What the task requires: Please give back each entry below unaltered, leaving the pictures out.
________________________________________
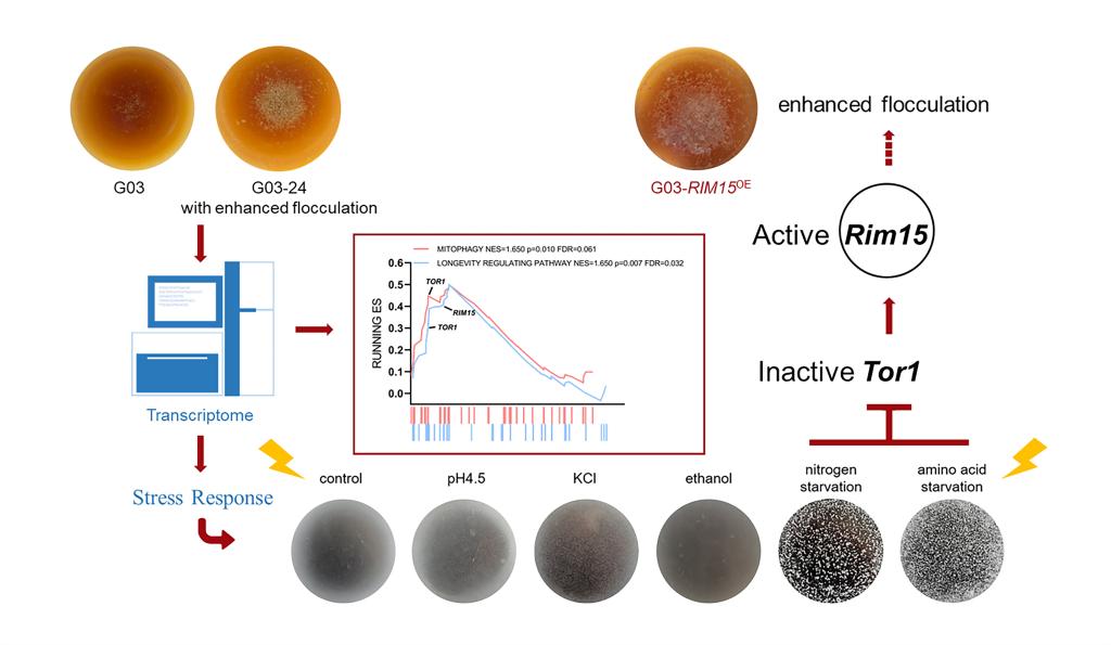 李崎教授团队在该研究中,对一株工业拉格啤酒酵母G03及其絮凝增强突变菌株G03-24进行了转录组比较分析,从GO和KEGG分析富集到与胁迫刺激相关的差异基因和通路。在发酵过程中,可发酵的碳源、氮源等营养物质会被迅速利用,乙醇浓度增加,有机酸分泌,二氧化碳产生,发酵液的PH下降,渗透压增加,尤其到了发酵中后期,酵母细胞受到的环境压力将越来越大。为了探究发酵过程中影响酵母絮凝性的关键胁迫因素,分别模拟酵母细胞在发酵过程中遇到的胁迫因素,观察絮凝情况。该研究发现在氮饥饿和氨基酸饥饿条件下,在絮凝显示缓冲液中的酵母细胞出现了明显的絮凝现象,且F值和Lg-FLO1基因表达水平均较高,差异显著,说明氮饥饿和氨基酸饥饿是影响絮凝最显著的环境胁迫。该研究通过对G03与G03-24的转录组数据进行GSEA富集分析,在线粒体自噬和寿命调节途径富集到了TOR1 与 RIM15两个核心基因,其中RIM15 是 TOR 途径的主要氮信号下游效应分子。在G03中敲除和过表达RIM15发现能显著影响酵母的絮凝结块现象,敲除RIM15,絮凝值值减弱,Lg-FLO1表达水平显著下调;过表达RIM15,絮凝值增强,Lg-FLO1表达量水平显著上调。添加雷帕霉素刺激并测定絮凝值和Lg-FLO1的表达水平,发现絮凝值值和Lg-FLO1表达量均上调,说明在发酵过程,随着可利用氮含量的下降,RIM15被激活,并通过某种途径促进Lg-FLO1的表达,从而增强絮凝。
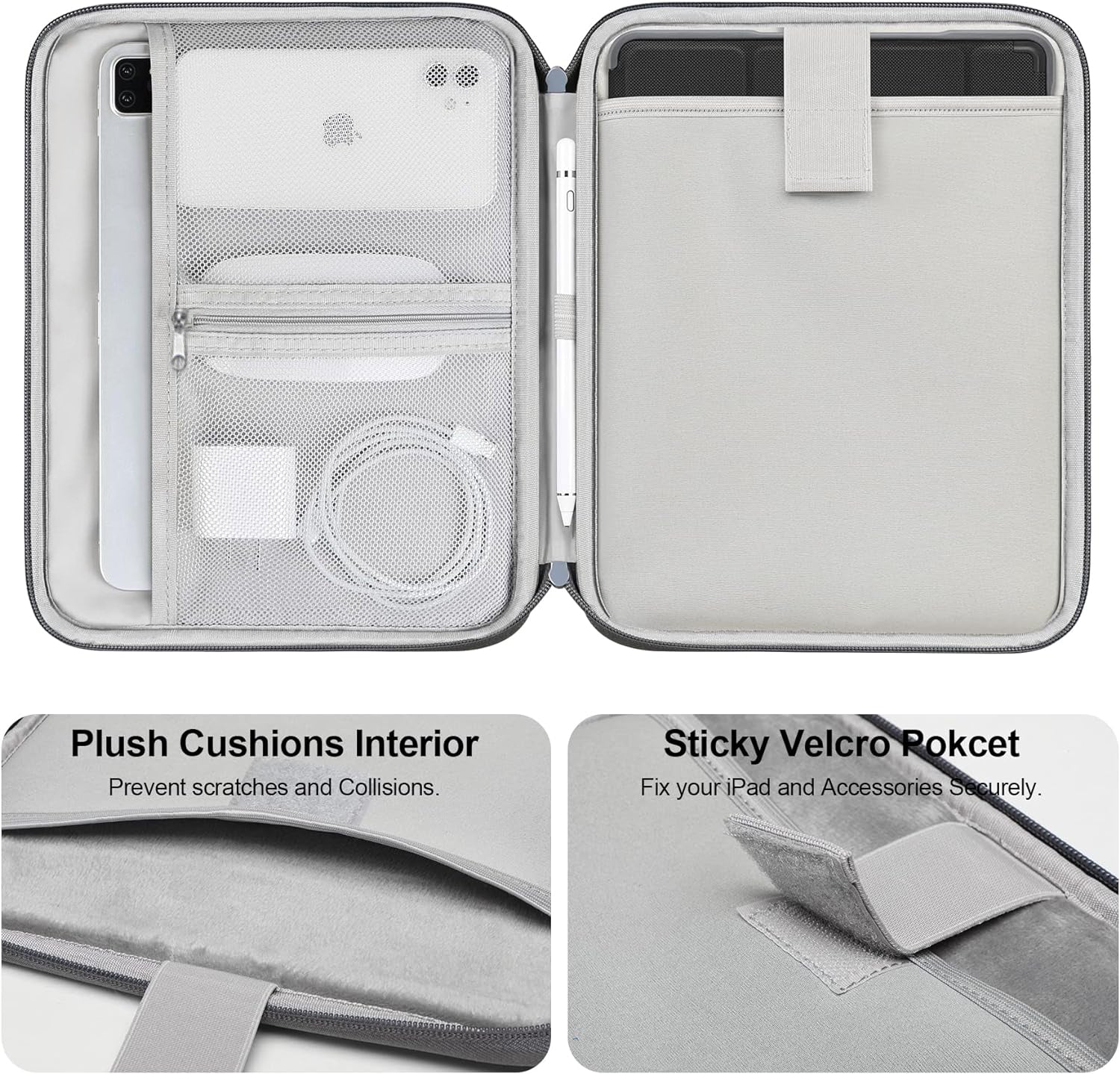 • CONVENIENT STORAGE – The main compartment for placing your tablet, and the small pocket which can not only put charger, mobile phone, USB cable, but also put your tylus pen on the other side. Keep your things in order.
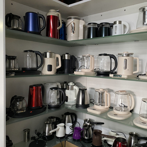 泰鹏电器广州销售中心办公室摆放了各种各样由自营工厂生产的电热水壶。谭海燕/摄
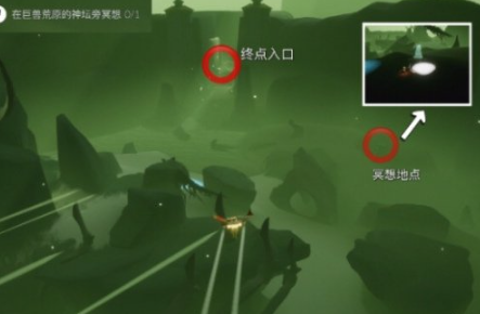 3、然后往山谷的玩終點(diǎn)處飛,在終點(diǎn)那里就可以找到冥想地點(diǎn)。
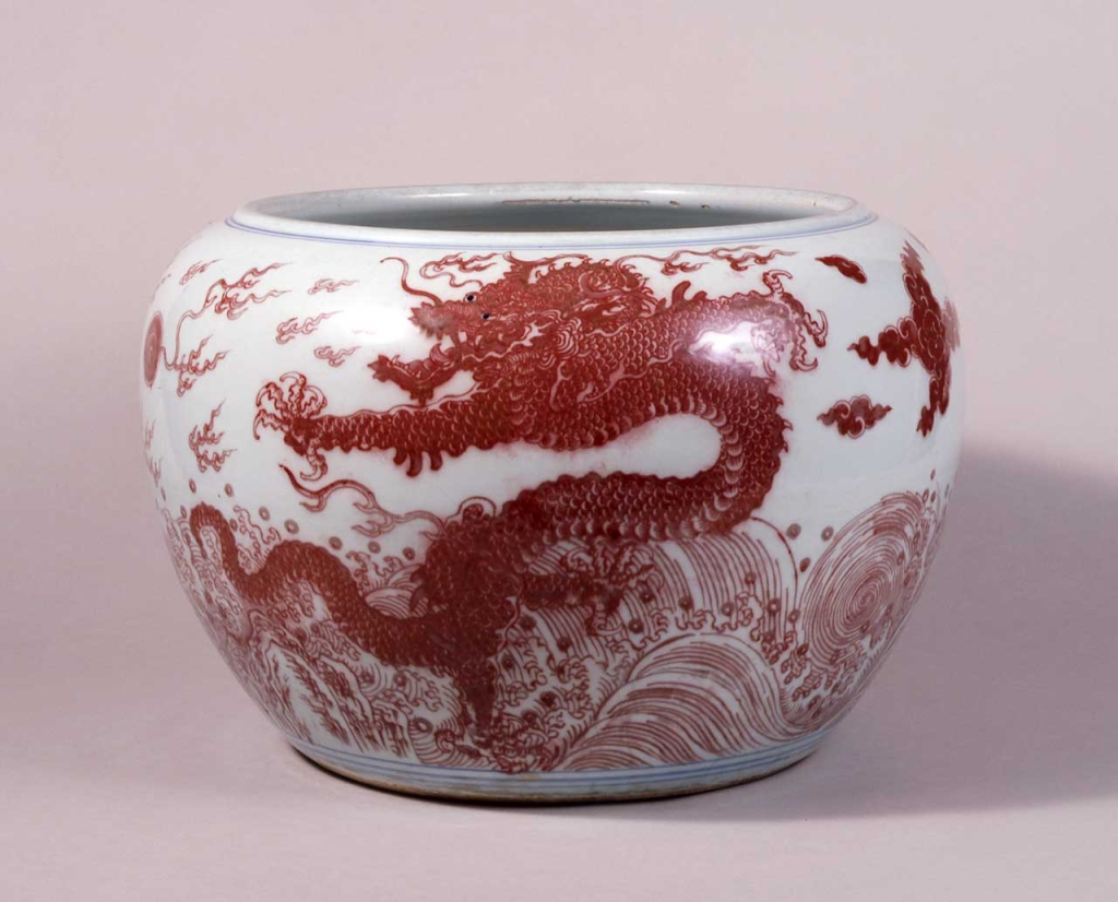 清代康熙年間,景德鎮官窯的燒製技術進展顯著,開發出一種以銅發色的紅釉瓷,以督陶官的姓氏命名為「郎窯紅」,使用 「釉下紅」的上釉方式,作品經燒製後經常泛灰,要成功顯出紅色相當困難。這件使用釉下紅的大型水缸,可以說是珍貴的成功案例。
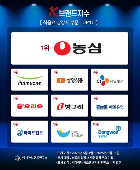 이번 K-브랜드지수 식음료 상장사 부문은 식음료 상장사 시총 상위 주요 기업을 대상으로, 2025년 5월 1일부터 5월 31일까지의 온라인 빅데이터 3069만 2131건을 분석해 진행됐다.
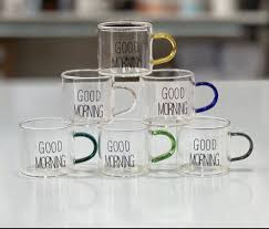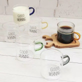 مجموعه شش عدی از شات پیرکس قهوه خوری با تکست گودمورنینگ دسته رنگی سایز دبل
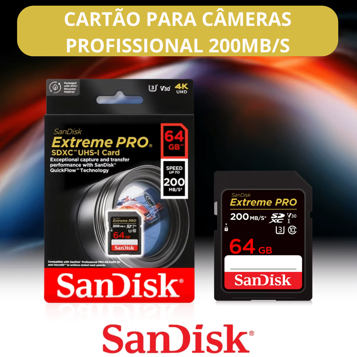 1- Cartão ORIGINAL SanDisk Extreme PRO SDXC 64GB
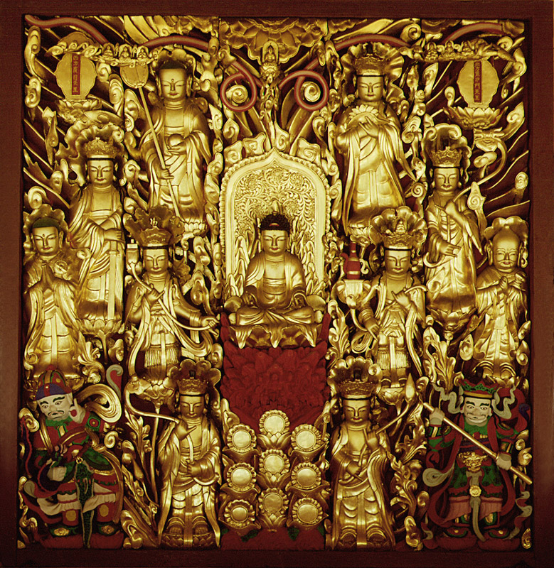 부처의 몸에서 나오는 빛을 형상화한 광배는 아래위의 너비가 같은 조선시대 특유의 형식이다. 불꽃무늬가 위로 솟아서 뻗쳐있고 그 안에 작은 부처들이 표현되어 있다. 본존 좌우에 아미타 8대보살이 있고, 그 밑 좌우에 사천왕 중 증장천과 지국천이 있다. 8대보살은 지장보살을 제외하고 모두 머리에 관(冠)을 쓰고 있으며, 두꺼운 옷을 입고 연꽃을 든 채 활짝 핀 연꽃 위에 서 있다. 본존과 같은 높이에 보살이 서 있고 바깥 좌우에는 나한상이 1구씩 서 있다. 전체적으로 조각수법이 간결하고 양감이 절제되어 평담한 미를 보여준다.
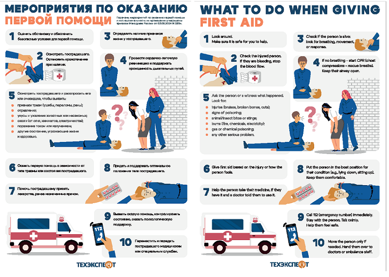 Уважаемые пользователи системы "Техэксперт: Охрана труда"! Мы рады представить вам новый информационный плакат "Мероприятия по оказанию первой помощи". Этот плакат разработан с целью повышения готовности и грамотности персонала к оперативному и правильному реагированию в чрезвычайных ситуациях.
________________________________________
Your solution:
 李崎教授团队在该研究中,对一株工业拉格啤酒酵母G03及其絮凝增强突变菌株G03-24进行了转录组比较分析,从GO和KEGG分析富集到与胁迫刺激相关的差异基因和通路。在发酵过程中,可发酵的碳源、氮源等营养物质会被迅速利用,乙醇浓度增加,有机酸分泌,二氧化碳产生,发酵液的PH下降,渗透压增加,尤其到了发酵中后期,酵母细胞受到的环境压力将越来越大。为了探究发酵过程中影响酵母絮凝性的关键胁迫因素,分别模拟酵母细胞在发酵过程中遇到的胁迫因素,观察絮凝情况。该研究发现在氮饥饿和氨基酸饥饿条件下,在絮凝显示缓冲液中的酵母细胞出现了明显的絮凝现象,且F值和Lg-FLO1基因表达水平均较高,差异显著,说明氮饥饿和氨基酸饥饿是影响絮凝最显著的环境胁迫。该研究通过对G03与G03-24的转录组数据进行GSEA富集分析,在线粒体自噬和寿命调节途径富集到了TOR1 与 RIM15两个核心基因,其中RIM15 是 TOR 途径的主要氮信号下游效应分子。在G03中敲除和过表达RIM15发现能显著影响酵母的絮凝结块现象,敲除RIM15,絮凝值值减弱,Lg-FLO1表达水平显著下调;过表达RIM15,絮凝值增强,Lg-FLO1表达量水平显著上调。添加雷帕霉素刺激并测定絮凝值和Lg-FLO1的表达水平,发现絮凝值值和Lg-FLO1表达量均上调,说明在发酵过程,随着可利用氮含量的下降,RIM15被激活,并通过某种途径促进Lg-FLO1的表达,从而增强絮凝。
 • CONVENIENT STORAGE – The main compartment for placing your tablet, and the small pocket which can not only put charger, mobile phone, USB cable, but also put your tylus pen on the other side. Keep your things in order.
 泰鹏电器广州销售中心办公室摆放了各种各样由自营工厂生产的电热水壶。谭海燕/摄
 3、然后往山谷的玩終點(diǎn)處飛,在終點(diǎn)那里就可以找到冥想地點(diǎn)。
 清代康熙年間,景德鎮官窯的燒製技術進展顯著,開發出一種以銅發色的紅釉瓷,以督陶官的姓氏命名為「郎窯紅」,使用 「釉下紅」的上釉方式,作品經燒製後經常泛灰,要成功顯出紅色相當困難。這件使用釉下紅的大型水缸,可以說是珍貴的成功案例。
 이번 K-브랜드지수 식음료 상장사 부문은 식음료 상장사 시총 상위 주요 기업을 대상으로, 2025년 5월 1일부터 5월 31일까지의 온라인 빅데이터 3069만 2131건을 분석해 진행됐다.
 مجموعه شش عدی از شات پیرکس قهوه خوری با تکست گودمورنینگ دسته رنگی سایز دبل
 1- Cartão ORIGINAL SanDisk Extreme PRO SDXC 64GB
 부처의 몸에서 나오는 빛을 형상화한 광배는 아래위의 너비가 같은 조선시대 특유의 형식이다. 불꽃무늬가 위로 솟아서 뻗쳐있고 그 안에 작은 부처들이 표현되어 있다. 본존 좌우에 아미타 8대보살이 있고, 그 밑 좌우에 사천왕 중 증장천과 지국천이 있다. 8대보살은 지장보살을 제외하고 모두 머리에 관(冠)을 쓰고 있으며, 두꺼운 옷을 입고 연꽃을 든 채 활짝 핀 연꽃 위에 서 있다. 본존과 같은 높이에 보살이 서 있고 바깥 좌우에는 나한상이 1구씩 서 있다. 전체적으로 조각수법이 간결하고 양감이 절제되어 평담한 미를 보여준다.
 Уважаемые пользователи системы "Техэксперт: Охрана труда"! Мы рады представить вам новый информационный плакат "Мероприятия по оказанию первой помощи". Этот плакат разработан с целью повышения готовности и грамотности персонала к оперативному и правильному реагированию в чрезвычайных ситуациях.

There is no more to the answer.